(Data excerpts)
• • • • •

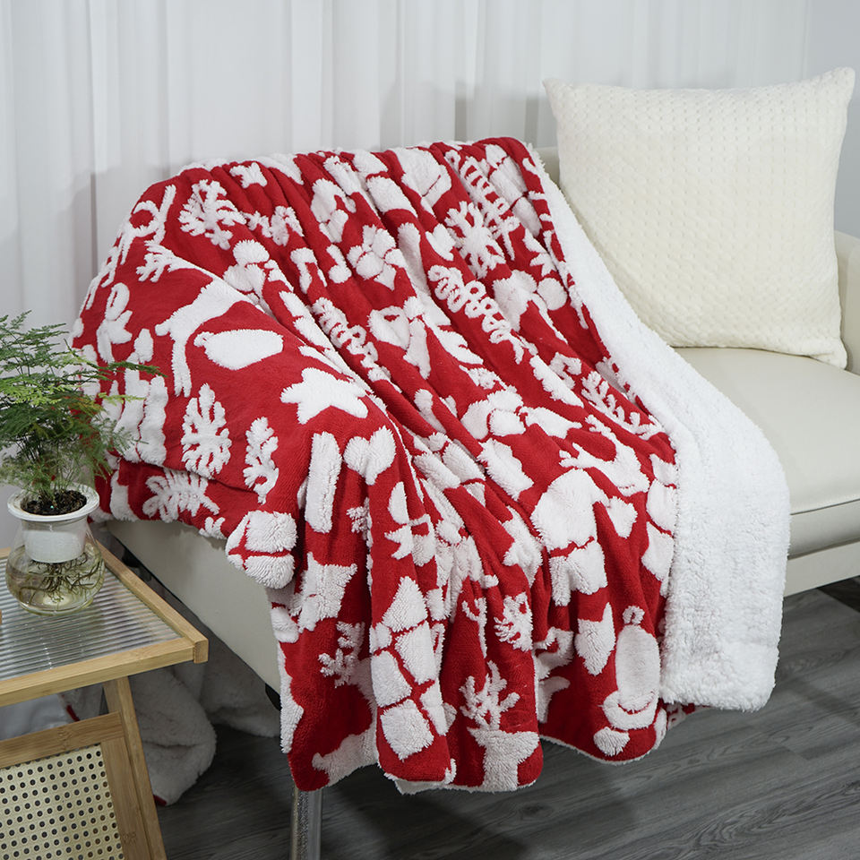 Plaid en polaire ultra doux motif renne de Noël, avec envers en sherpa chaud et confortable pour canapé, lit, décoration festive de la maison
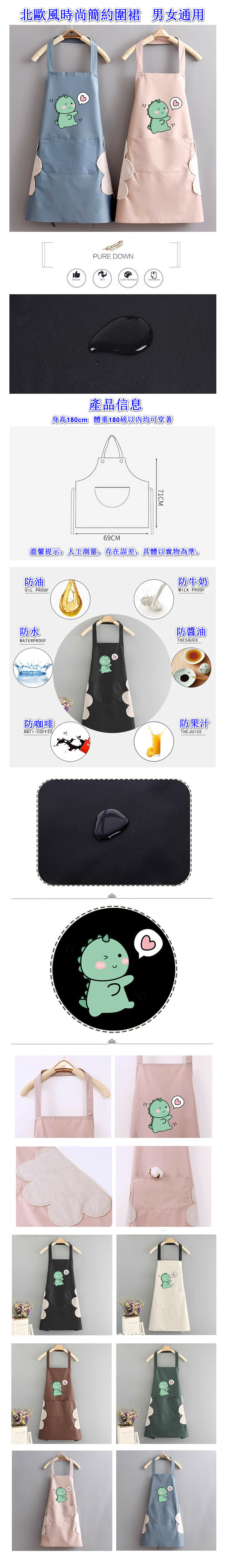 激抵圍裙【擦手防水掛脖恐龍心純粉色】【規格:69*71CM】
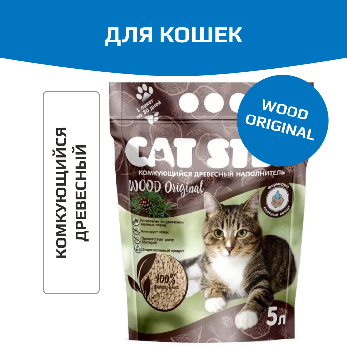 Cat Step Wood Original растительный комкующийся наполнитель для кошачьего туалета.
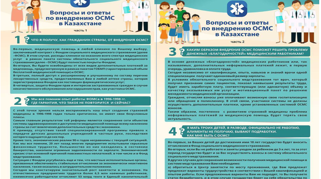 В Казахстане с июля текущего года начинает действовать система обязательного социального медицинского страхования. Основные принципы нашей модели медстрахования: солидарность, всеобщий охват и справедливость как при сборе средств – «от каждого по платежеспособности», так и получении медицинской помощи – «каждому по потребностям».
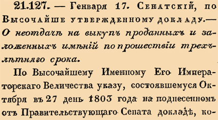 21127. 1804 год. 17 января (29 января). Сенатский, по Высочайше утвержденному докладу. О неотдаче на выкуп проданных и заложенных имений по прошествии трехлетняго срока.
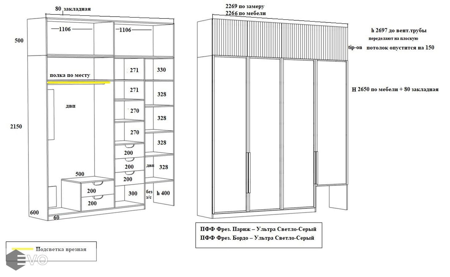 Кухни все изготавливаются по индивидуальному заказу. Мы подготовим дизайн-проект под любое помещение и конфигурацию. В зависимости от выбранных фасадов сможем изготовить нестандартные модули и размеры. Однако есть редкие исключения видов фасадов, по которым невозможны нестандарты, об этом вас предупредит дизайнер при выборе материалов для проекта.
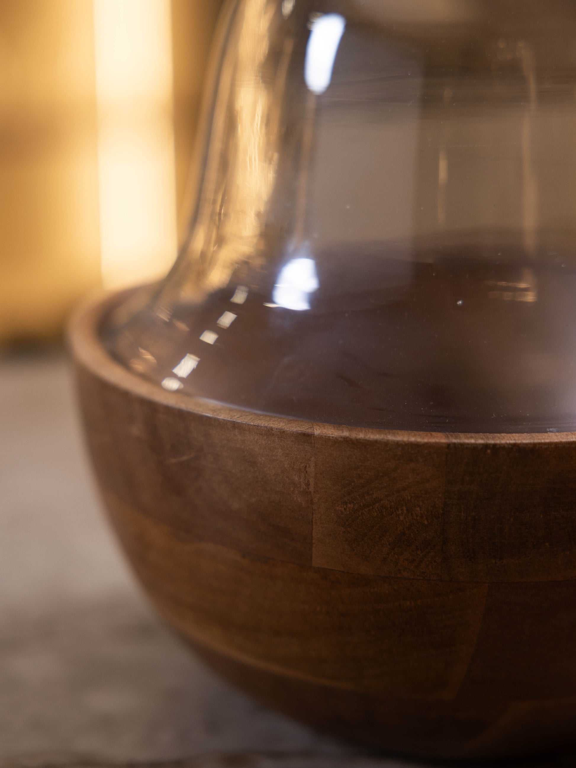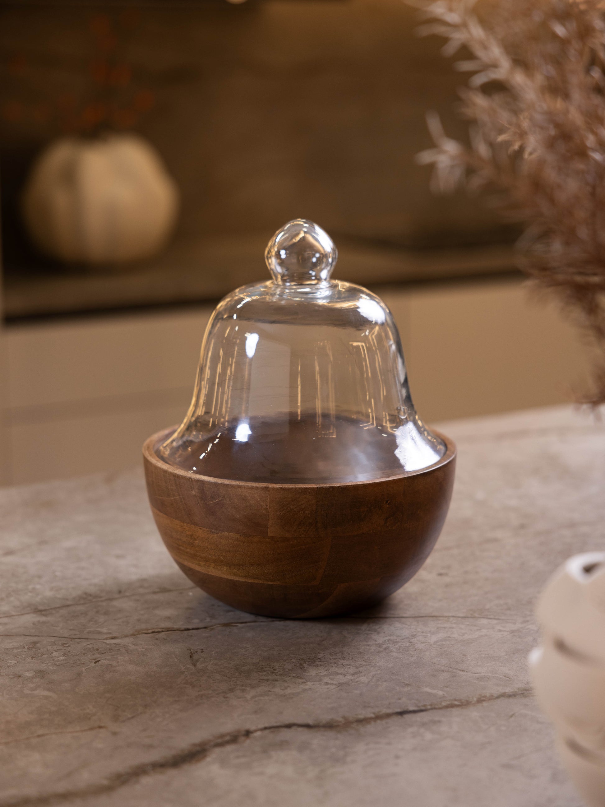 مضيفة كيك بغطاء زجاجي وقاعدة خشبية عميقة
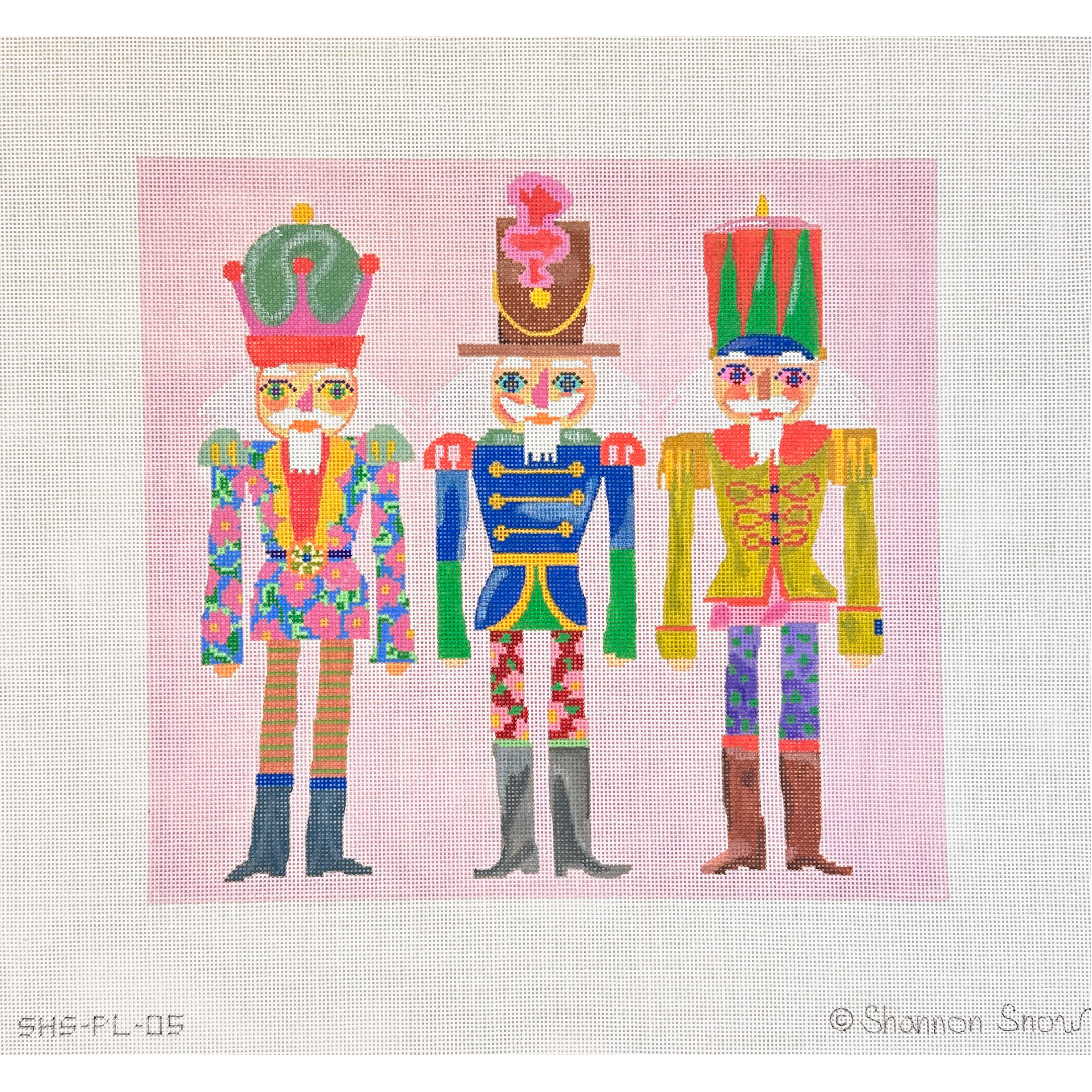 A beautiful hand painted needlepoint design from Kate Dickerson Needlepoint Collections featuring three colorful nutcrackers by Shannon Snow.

• • • • •

TASK STATEMENT: Look above for the line with "激抵圍裙【擦手防水掛脖恐龍心純粉色】【規格:69*71CM】" and the line with "21127. 1804 год.". Copy them and every line between, exactly, but no pictures.

ANSWER SPACE:
 激抵圍裙【擦手防水掛脖恐龍心純粉色】【規格:69*71CM】
 Cat Step Wood Original растительный комкующийся наполнитель для кошачьего туалета.
 В Казахстане с июля текущего года начинает действовать система обязательного социального медицинского страхования. Основные принципы нашей модели медстрахования: солидарность, всеобщий охват и справедливость как при сборе средств – «от каждого по платежеспособности», так и получении медицинской помощи – «каждому по потребностям».
 21127. 1804 год. 17 января (29 января). Сенатский, по Высочайше утвержденному докладу. О неотдаче на выкуп проданных и заложенных имений по прошествии трехлетняго срока.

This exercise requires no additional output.